Root Marm Chicken Farm Jug Band

The Root Marm Chicken Farm Jug Band features a revolving group of performers. “I think the communal aspect of it is great,” said Ian Craig, one of the founders of the group. “We play simpler music but it’s really about making music together.” The Lincoln based band comes to Kearney to perform at 7 p.m. Sunday at Harmon Park. Admission is free.

KEARNEY — Ian Craig looked to his flock of chickens when he picked a name for his band.

“We play a lot of American roots music and I have a flock of chickens and we have a jug player — you throw that all together and you get the Root Marm Chicken Farm Jug Band,” he said. “I live in the middle of Lincoln where you’re allowed to have a few chickens as long as you don’t have roosters. Actually, I have a backyard filled with chickens.”

Craig works with a rotating list of musicians. He promised to have a full band when the Root Marm Chicken Farm Jug Band plays at 7 p.m. Sunday at Sonotorium at Harmon Park as part of the Concerts in the Park series presented by Kearney Area Arts Council.

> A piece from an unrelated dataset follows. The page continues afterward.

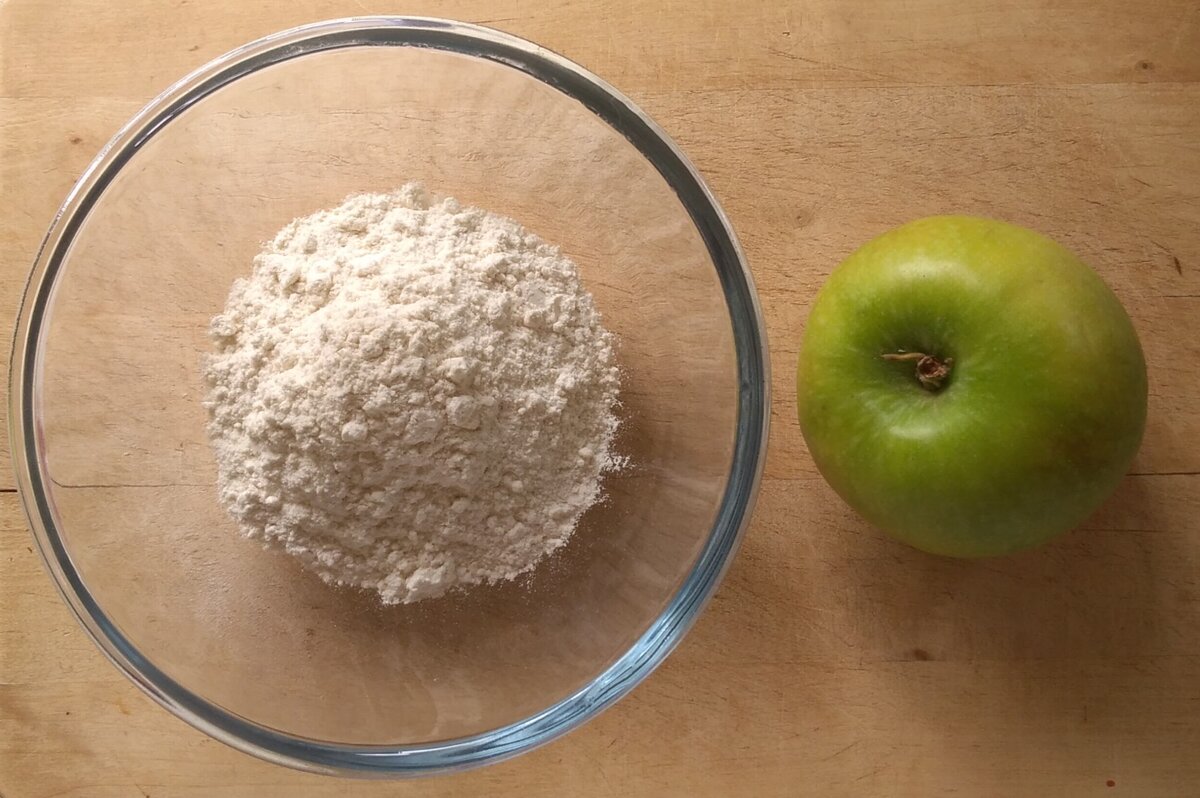 - Яблоко очистить от шкурки, вырезать серединку, нарезать мелкими кубиками или натереть на мелкой терке.

Admission to the performance is free.

“It’s really a floating group,” he said. “There’s a lot of people that play with the band. As far as going on the road with us, I’m trying to think who will all be at the show in Kearney. The number varies a lot. I’m not even 100 percent sure who will all be there for the show. Typically we have a banjo, drums and guitar. A lot of times we’ll have a tub bass, or a jug — or maybe both.”

Sometimes a couple of performers will show up on guitars along with horn players.

“I think our sax player will be with us in Kearney,” Craig said.

It’s all good.

The Root Marm Chicken Farm Jug Band plays the kind of music that lends itself to “joining in.”

“We don’t play anything too crazy-complex,” Craig said. “Sometimes we get into some old jazz standard stuff, but nothing really avant-garde or hard to follow. We play the kind of music that most musicians can fall right in line and join in with us pretty easily. That’s the point. We want to make it fun and accessible.”

Root Marm Chicken Farm Jug Band puts the folk in folk music.

“I think the communal aspect of it is great,” Craig said. “We play simpler music but it’s really about making music together. We do take solo breaks but it’s not show-offy kind of music. It’s all folk based.”

Craig plays with other bands in the area but Root Marm Chicken Farm Jug Band lets him feed that side of his musical life that just wants to make music with friends, even though the style might reside slightly outside of traditional musical groups.

“We do a lot of interesting gigs that we would never have gotten with a rock band or something like that,” Craig said. “A lot of time people who hold unique events are looking for unique groups to play. We get called for all kind of weird things. A concert in a park isn’t too terribly strange but we’re playing a barbecue fest the night before in Imperial.”

The band often performs at farmer’s markets.

“We go busking a lot, too,” he said. “We’ll go play for tips somewhere. You have to make your own gig, when you can.”

The most important reason to get Root Marm Chicken Farm Jug Band on stage? Having a good time.

“Just to have fun,” Craig said. “That’s the main thing for us. We make sure we have a good time doing it. That’s the best reason to make music. We hope its entertaining for everyone else, too. At least for us, we have a good time when we perform.”

Beyond the fun, Craig understands the importance of spreading the word about Americana roots music. With influences from the likes of Big Joe Turner, Tampa Red, Dixieland Jug Band, Charlie Poole, Fats Domino, The Band and Elmore James, Craig and his performers understand the importance of perpetuating roots music.

“Keeping that stuff alive, as much as we can, and sharing it with a new generation of folks, that’s important,” he said. “Most of my taste in music is pretty old. I like playing old, obscure stuff that wouldn’t be heard otherwise. There are a lot of cover bands out there but most of them are just playing the radio hits, your classic rock kind of stuff. We have some original stuff we do, too, but we like to dig a little deeper and pull out some hidden gems.”